= LULI2000 =

High-power laser system

LULI2000 is a high-power laser system dedicated to scientific research. It is located in LULI laboratory, at École Polytechnique in France. The main application of this type of laser is related to the very high energy fluxes obtained after focusing onto tiny focal spots, from micrometers to hundreds of micrometers in diameter. The interaction between these focused beams and small targets produces very hot plasmas, up to many hundred million degrees, high densities and high pressures.
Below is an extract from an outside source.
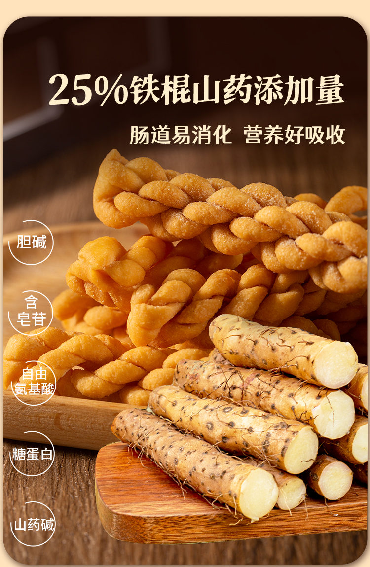 【配料表】小麦粉、铁棍山药粉(含量≥25%)、食用玉米淀粉、饮用水、鸡内金3%、精炼植物油、食用盐、香辛料、小苏打

Depending on the laser and target parameters, these laser-generated plasmas may be compared to stars or planet interiors.

The main research topics addressed on LULI2000 concern laser inertial fusion and all its physical components, fundamental physics of hot and dense plasmas and its applications in astrophysics and geophysics, or the physics and processing of materials.

NANO2000, the nanosecond version of LULI2000, consists in two Nd:Glass laser chains, 200 mm in diameter, delivering each 1 kJ in nanosecond pulses at 1.05 μm wavelength. After frequency doubling or tripling, a large part of the energy may be converted to 0.53 μm or 0.35 μm.
These beams are then focussed in the middle of a 2 m diameter vacuum chamber where they irradiate targets of different types. The interaction itself and the characteristics of the laser-generated hot plasmas are diagnosed by a whole set of dedicated diagnostics.

PICO2000, the adaptation of one NANO2000 laser chain in the picosecond regime, will deliver 200 J in 1 ps at 1.05 μm. LULI2000 will be the most energetic laser facility in Europe coupling nanosecond and picosecond pulses. The fast-igniter scheme for laser inertial fusion will be one of the main topics addressed on this facility, in coordination with future installations such as PETAL and HiPER.